When Microsoft (and their apologists) want to explain why they're OS seems to be a miserable piece of technology ridden with problems, they *deny* the existence of Security By Design, and say that the problem is because they are so wonderfully popular. They tell everyone that Security By Design doesn't exist and they'd be safe "if only they weren't so wonderfully popular!" They want you to believe only the gospel of Security By Obscurity.
This to me should be easily decided.
Certainly tech people experienced with viruses and capable of writing them should know whether it is more difficult to write viruses for Macs; or easier to write viruses for Macs than PCs; or about the same degree of difficulty.
If it is about the same difficulty as creating a PC virus or actually easier writing a mac virus. Then the Security by obscurity argument holds some water. - Tom
An article by David Zeiler in the Baltimore Sun, pushed the "security by obscurity" theory and quoted Graham Cluley, a "security expert" with Sophos, a company interested in selling anti-virus software (and obviously unfamiliar with Macs). Cluley stated:
"It's perfectly possible to write viruses for Apple Macs," Cluley said. "Indeed, a Mac has no more inherent security than a PC, but virus writers appear motivated by a desire to cause widespread havoc and so have concentrated on the market leader."

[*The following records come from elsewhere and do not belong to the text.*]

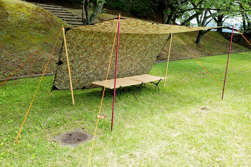 タープとポールでAフレームを作ります。メインポールの高さは約150cm。今回はサブポールも使い、前室を広く取っています。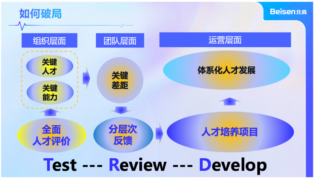 北森“T-R-D”模式主要针对破局解决人才培养“真问题”,提出人才培养发展的体系化解决技术框架。从“组织层面”到“团队层面”再到“运营层面”系统性解决问题。
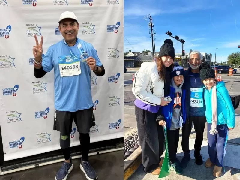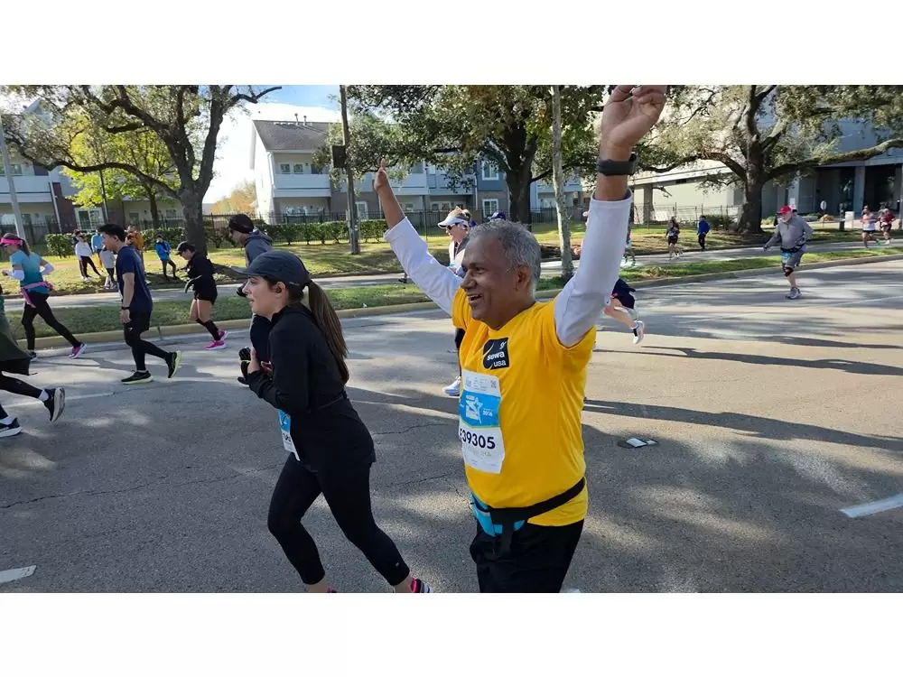Sewa International volunteers and community members at the Chevron & Aramco Houston Marathon / Courtesy: Sewa InternationalA physician, Suneja completed his 16th half marathon, recording a finish time of 2:56:57 and improving his performance by 23 minutes compared with the previous year. Sewa said he was supported by family members positioned along the course to assist with hydration needs.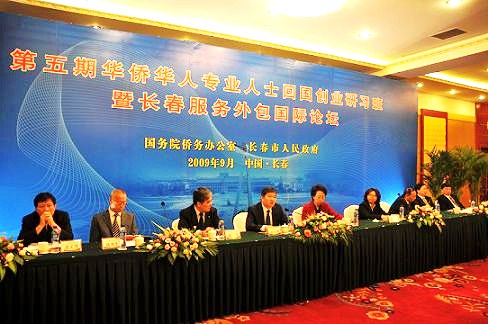 “华侨华人专业人士回国创业研习班”旨在通过创业辅导,增进华侨华人专业人士对国家经济发展形势和回国创业政策的了解,并进行项目对接洽谈,推动他们回国创业。“研习班” 至今已经举办四期,此次是第五期,以“创新创业、共谋发展”为主题,以“长春服务外包国际论坛”、“创业辅导”和技术合作项目对接等有效形式,为海外华侨华人人才来华创业提供政策辅导、咨询和服务。参加第五期研习班的学员来自美国、加拿大、英国、法国、澳大利亚、日本、香港、台湾等14个国家和地区,大都在海外学有所成,掌握先进的科学技术和管理经验。他们在参加研习班的政策辅导之后,还参加了长春国际服务外包论坛,参观了长春经济技术开发区和长春高新技术产业园区。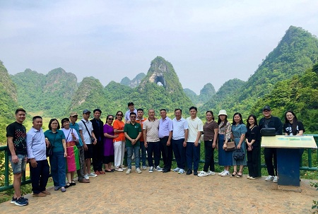 Hoạt động kết nối giữa Mạng lưới đối tác CVĐC Non nước Cao Bằng và Mạng lưới đối tác CVĐC Cao nguyên đá Đồng Văn, Hà Giang khảo sát các tuyến du lịch CVĐC Non nước Cao Bằng.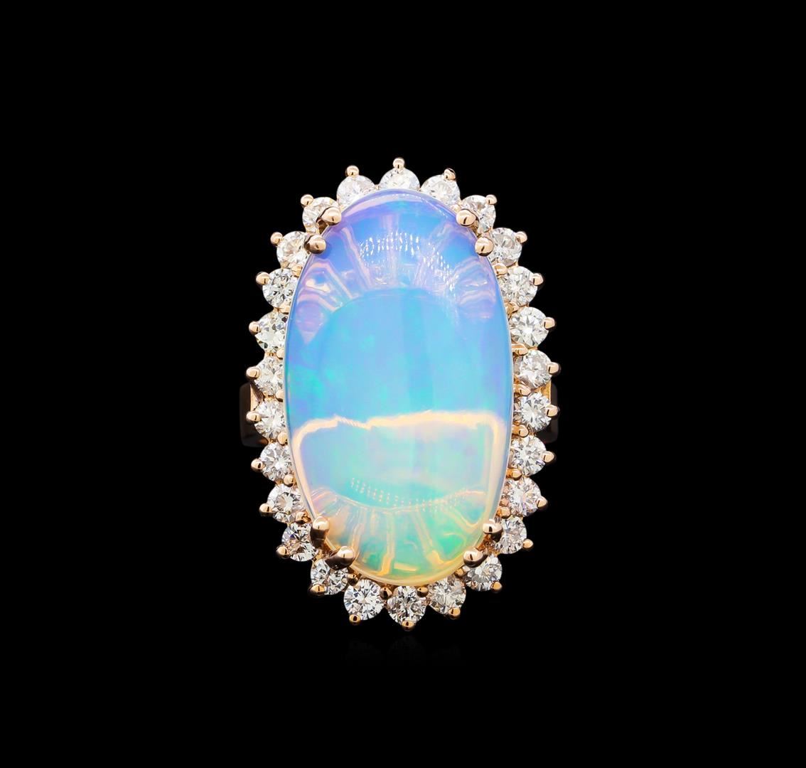 One 14K Rose gold lady's ring. 10.00 Gr. Containing: Main gemstones: Identity: Opal. Carat weight: 6.91 CTS TW. Shape and measurement: Oval shape cabochon. Quality: Fine color. Adjacent gemstones : Identity: Natural diamond. Shape: Round cut. Carat weight: 1.40 CTS TW. Quality: SI clarity, G-H color. All fine cutting and proportions. total gemstones weight: 8.31 CTS TW. RBGS Appraised at $4,640.00.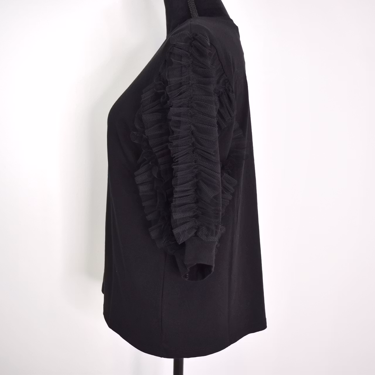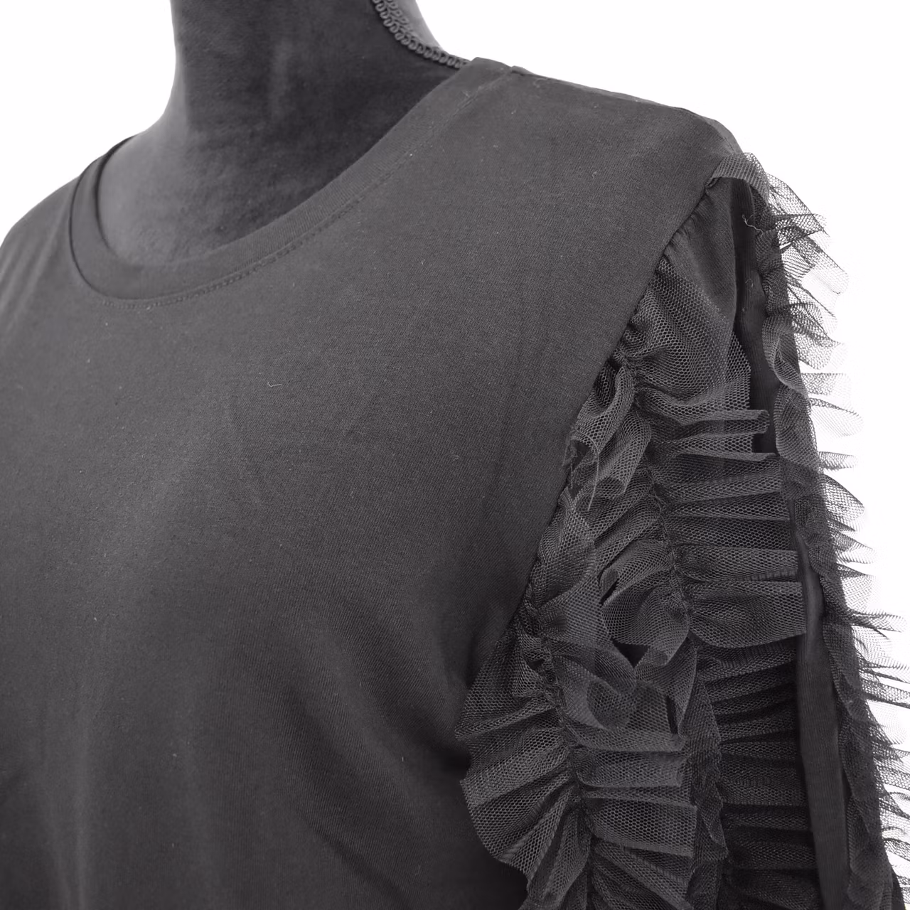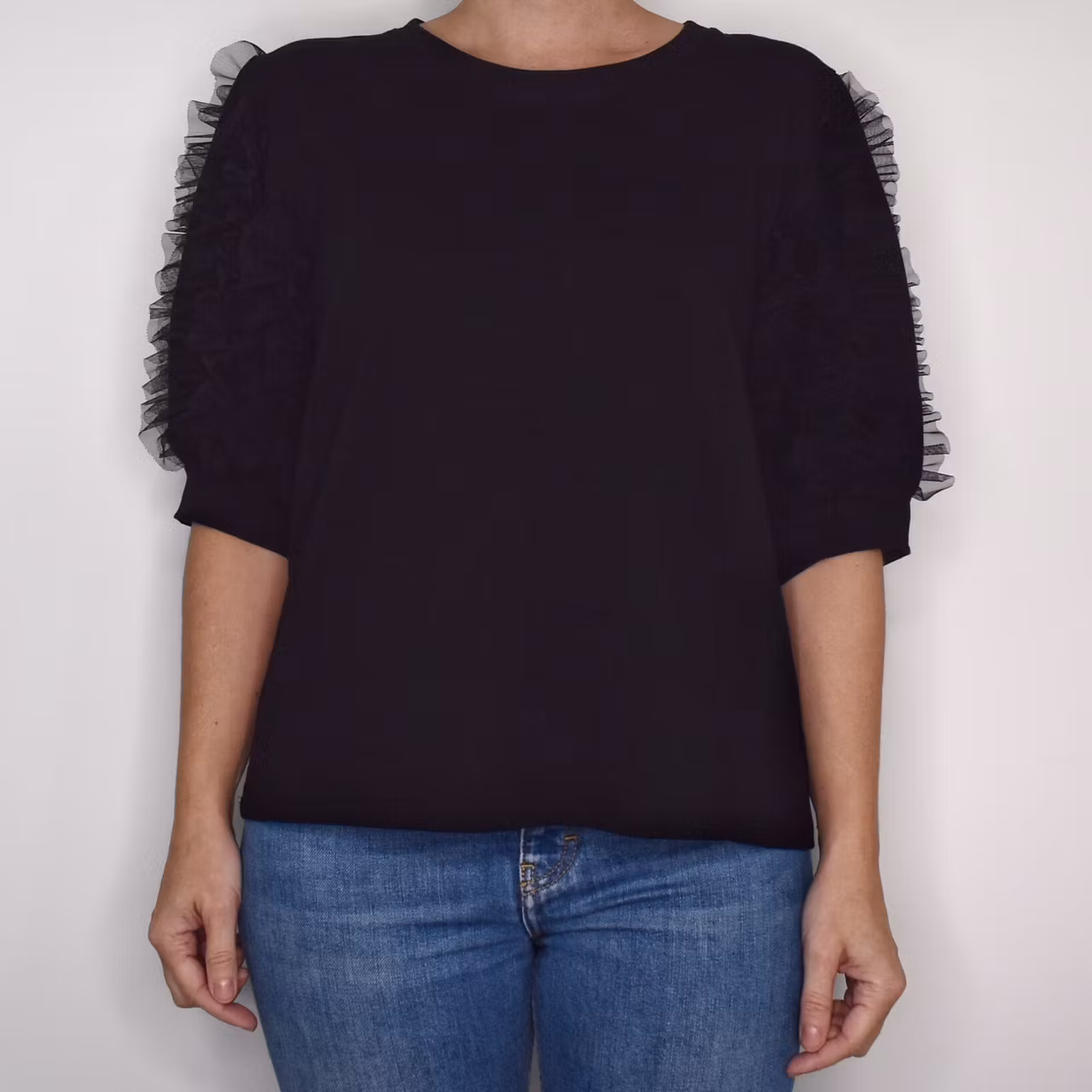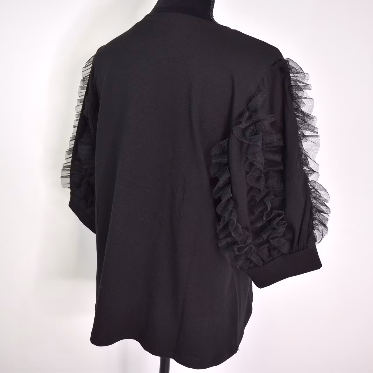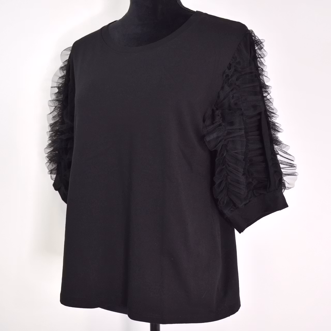 Det här är en vacker topp med tyll-volang på de korta ärmarna och rundringad hals. Tyget är mjukt, stretchigt och behagligt. Modellen har en bröstvidd på cirka 88cm, är 163cm lång och bär storlek S/M.

In response, many readers, most of them programmers with extensive experience on Unix based systems vehemetly disagreed. A later article by the same columnist retracted his original contentions of "security by obscurity" and quoted some of the naysayers.
"Your article, and Mr. Cluley's statements in particular, perpetrate a myth regarding the fallibility of *NIX [Unix-based operating systems] when compared to Microsoft Windows," said Burt Janz, a senior software engineer who is president and owner of CCS New England, a computer-services provider in Nashua, N.H.Janz has developed in all the major operating systems -- Windows, Unix, IBM Corp.'s OS/2, as well as OS X.
While creating a Mac OS X virus is not impossible, Janz said, "the degree of difficulty here is at least 9.5 on a scale of 1 to 10."
Even harder is creating a virus or worm that could access the OS X system. The reason, Janz and several others pointed out, is in part explained by how Unix-based systems handle multiple users on the same machine.